» WHAT THE TASK ASKS:
Write out the listing exactly, from its first line through the line holding "Description: A black", but include none of the pictures.

» EXERCISE DATA:
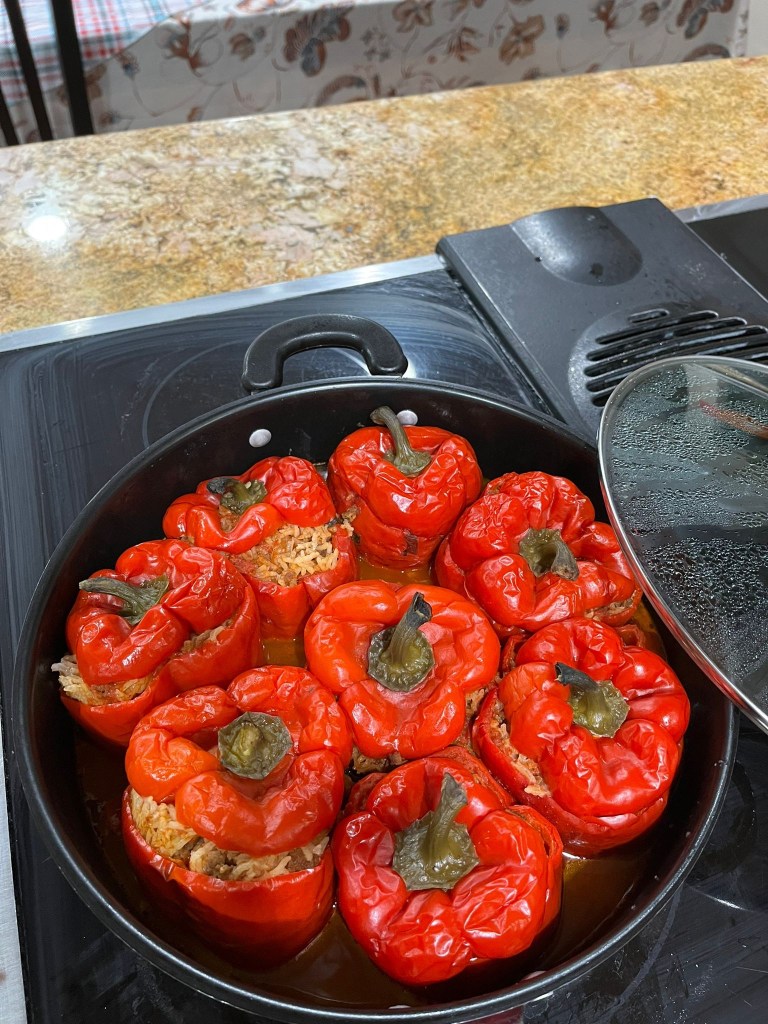 מלמדת להכין פלפלים ממולאים (בלי שמץ של חריף) את החברה ההודית החדשה שלי
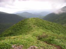 ガスが切れると、前方にこれから向かう稜線が見えます。天気が良ければ、気持ちの良い尾根歩きが出来そうです。
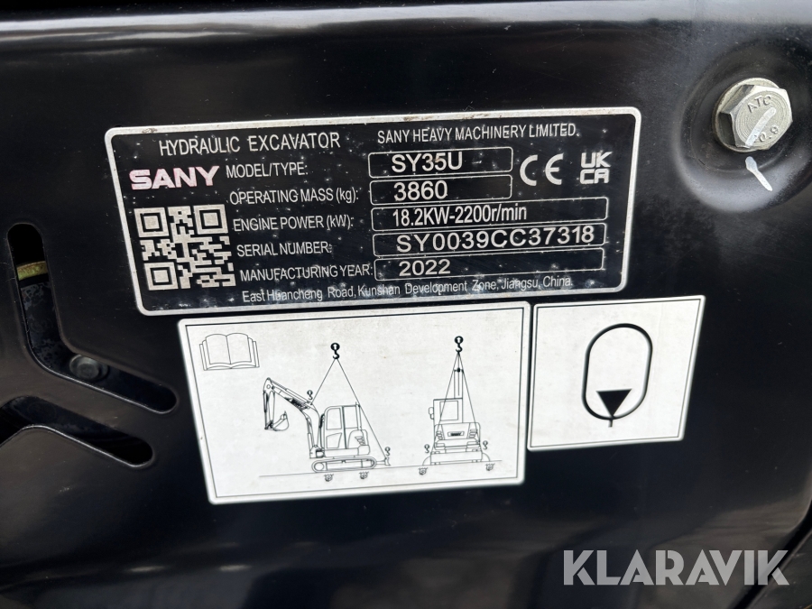 Grävmaskin Sany SY35U - Med tiltrotator och 3 skopor
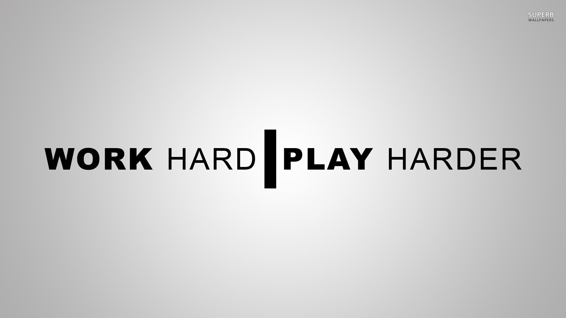 Description: A black and white photo of a logo for work hard play harder on a gray background with the words work hard play harder.
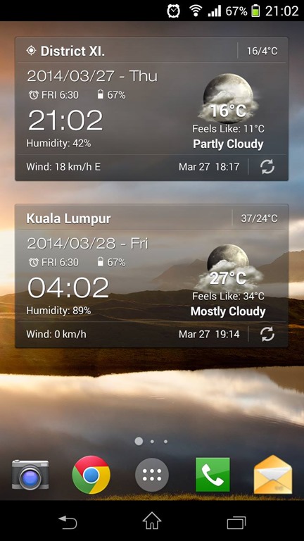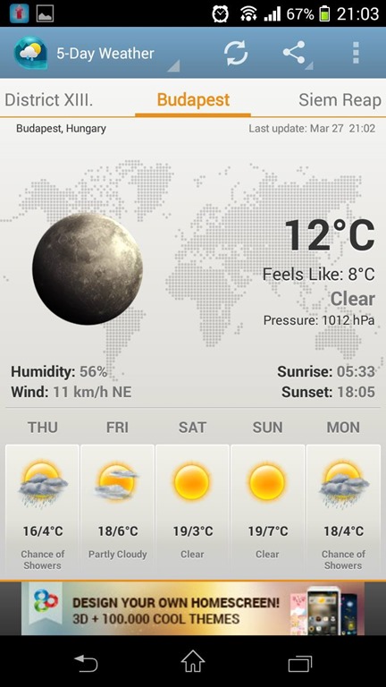 Itthon is, de utazás közben különösen jó tudni, hogy milyen idő vár ránk a következő napokban, és ennek megfelelően milyen programot tervezhetünk, hogy kell felöltöznünk. Persze rengeteg időjárás előrejelző alkalmazás van minden platformra, én mégis azért szeretem ezt, mert az időjárás mellett a választott település helyi idejét is mutatja. Ha távoli helyekre utazunk érdekes lehet nem csak a helyi, hanem az otthoni idő is, amit nem minden telefonon egyszerű egy ilyen jó kis widget nélkül előbányászni.

» EXERCISE OUTPUT:
 מלמדת להכין פלפלים ממולאים (בלי שמץ של חריף) את החברה ההודית החדשה שלי
 ガスが切れると、前方にこれから向かう稜線が見えます。天気が良ければ、気持ちの良い尾根歩きが出来そうです。
 Grävmaskin Sany SY35U - Med tiltrotator och 3 skopor
 Description: A black and white photo of a logo for work hard play harder on a gray background with the words work hard play harder.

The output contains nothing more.